Usar el camión en lugar del tren en el sureste encarece 30% el costo logístico, “pues por la poca producción en esa zona del país, los camiones que regresan a la Ciudad de México cobran el regreso en vacío”, explica.

 

El reparto de culpas

Para el empresario constructor Humberto Armenta, director general de Recsa, una constructora especializada en infraestructura, el retraso en una licitación o en la ejecución de un proyecto no sólo depende del servidor público o la dependencia gubernamental.

“La gestión de proyectos de infraestructura en México ha (carecido) de esquemas financieros sólidos, de ‘trajes a la medida’ para las empresas de infraestructura diseñados por las instituciones financieras”, acusa.
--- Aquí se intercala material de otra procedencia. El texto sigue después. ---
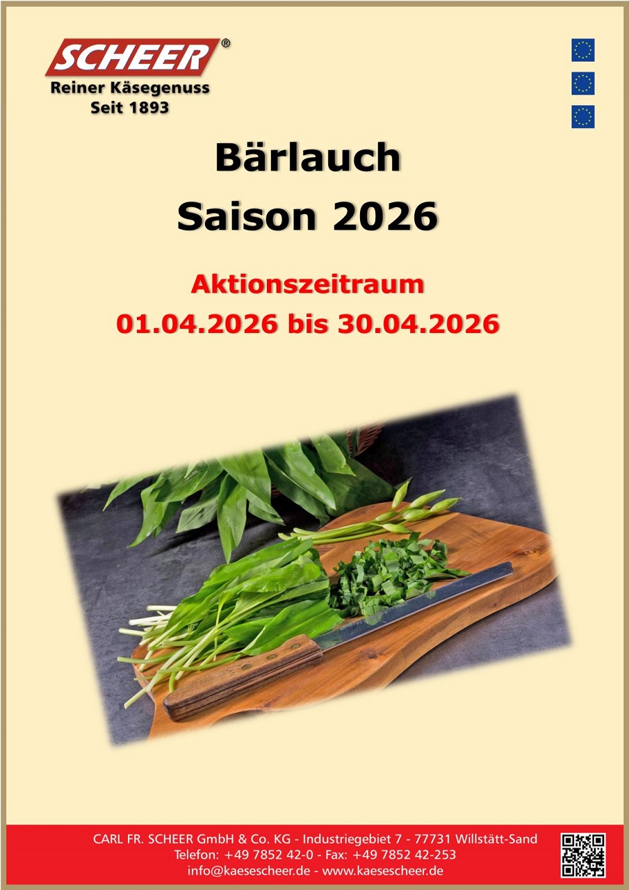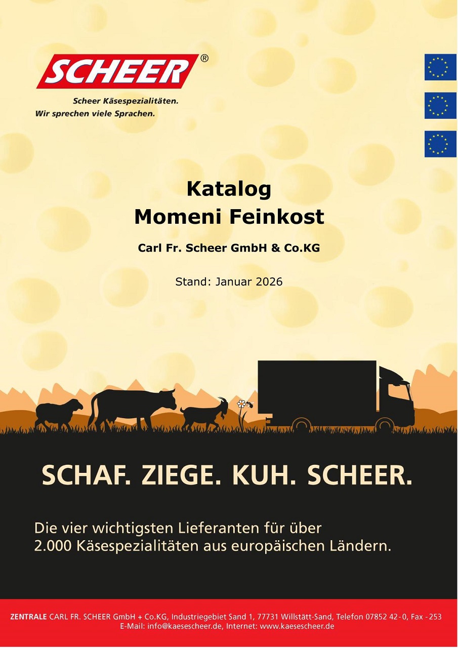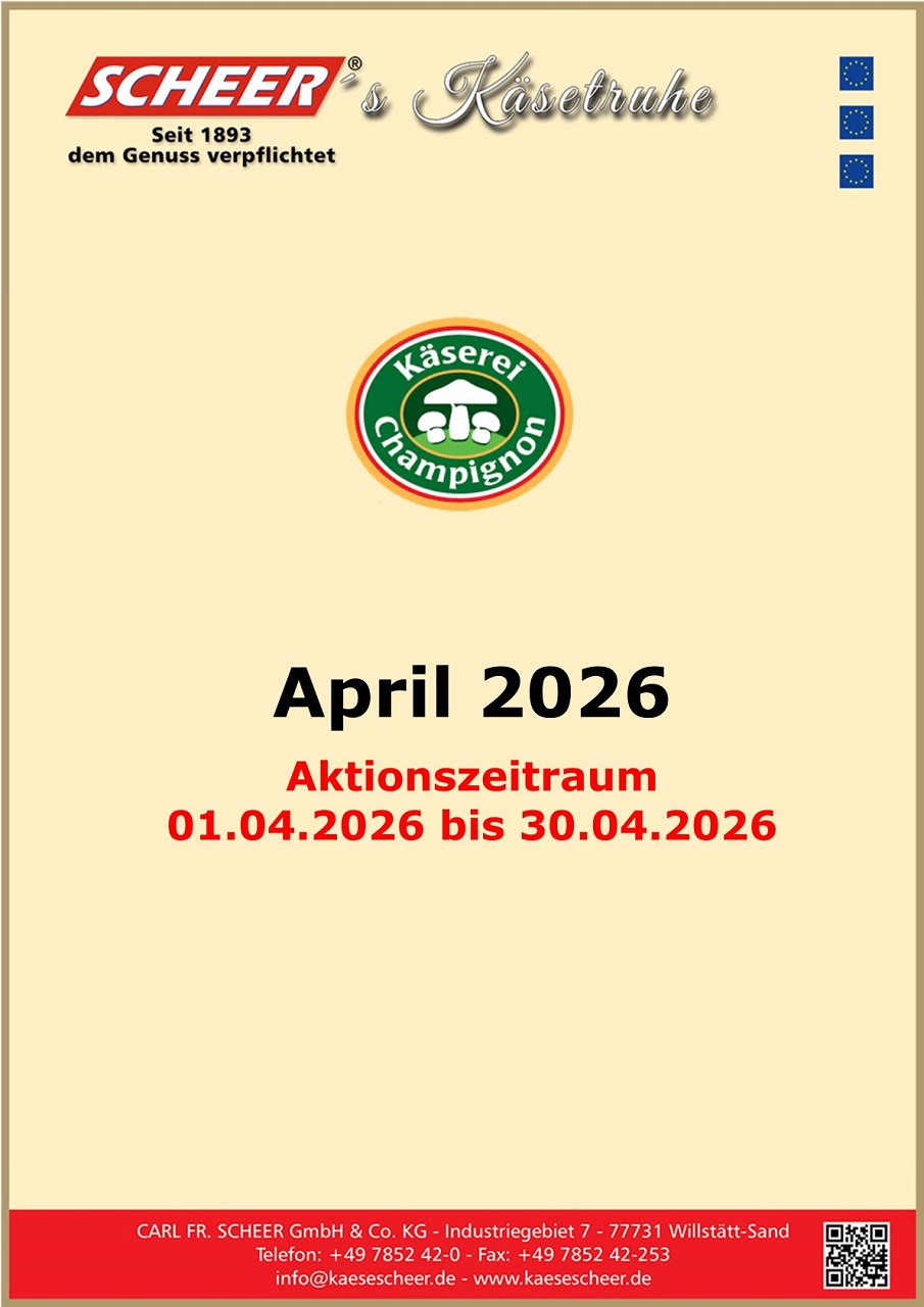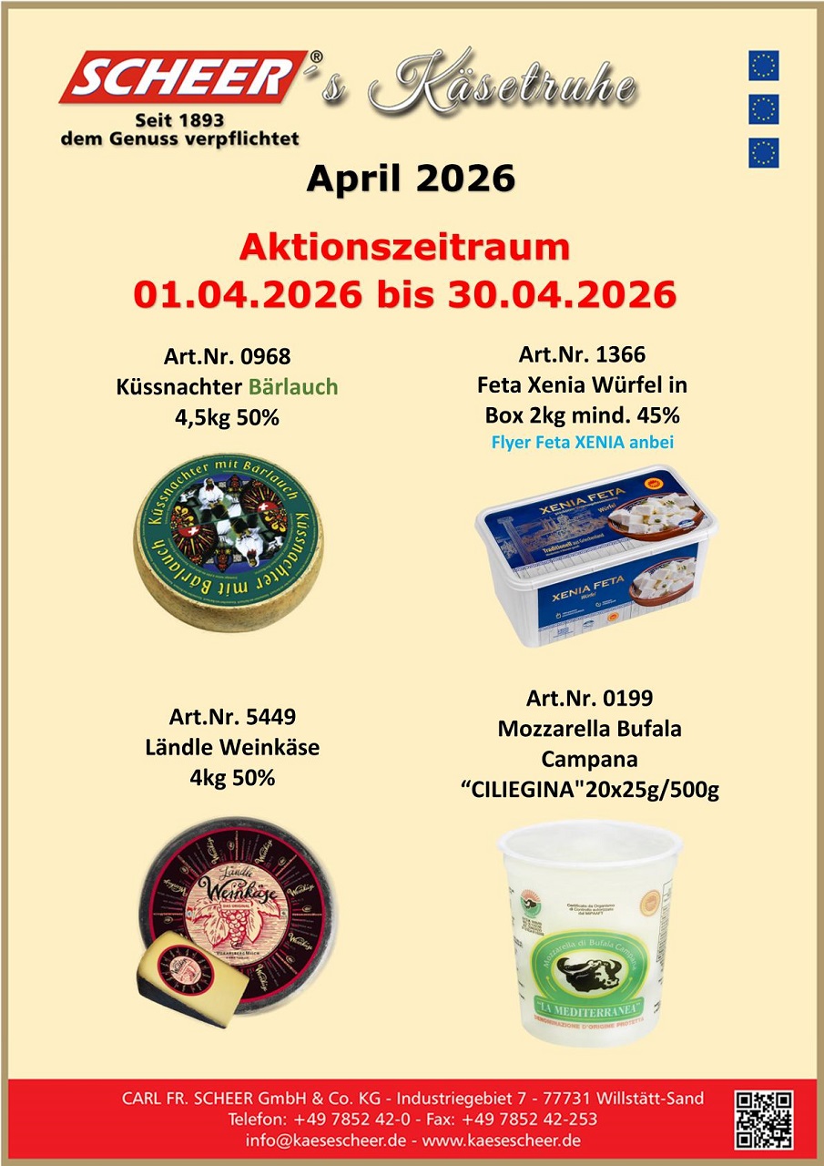 Unsere internationalen Käsespezialitäten bieten wir als Monatsaktionen unter dem Motto „Scheer’s Käsetruhe“ mit jeweils wechselnden Aktionsartikel an. Darüber hinaus können zusätzliche Aktionsartikel von ausgewählten Markenlieferanten im monatlichen Wechsel geordert werden.

El enorme pendiente en el sector es la brecha entre la obra proyectada, la presupuestada, la contratada y la pagada. “Entre menor es el tiempo entre una y otra, mayor el impacto de los recursos invertidos en la economía”, dice Armenta.

Según analistas, México representa, en proyectos de infraestructura, el mejor equilibrio entre riesgo y rentabilidad, pero debe contar con un marco jurídico que permita mantener la correcta distribución de estos riesgos entre gobierno y el sector privado.

De ahí que con la idea de optimizar los procesos de asignación y contratación, aplicar en tiempo y forma el presupuesto público, así como una adecuada distribución de riesgos, la CMIC sugirió una reforma a la Ley de Obras Públicas, “ya que la actual no responde a las exigencias que se requieren para la realización del PNI”, dice su presidente, Luis Zárate Rocha.

También la CMIC —que entre sus agremiados cuenta con más de 10,000 Pymes— pide la formación de una Coordinación Nacional de Infraestructura, que operaría con el gobierno federal y los gobiernos estatales, así como con el Poder Legislativo, con el fin de incorporar a los proyectos del gobierno las mejores prácticas internacionales, que permitan planear y ejecutar cada proyecto de manera integral en cada una de sus etapas, desde su operación hasta su mantenimiento, y con ello evitar meses de inactividad en los que se asignan las obras.

Hay dinero, proyectos estudiados e identificados y propuestas de ejecución, pero lo que se acaba es el tiempo.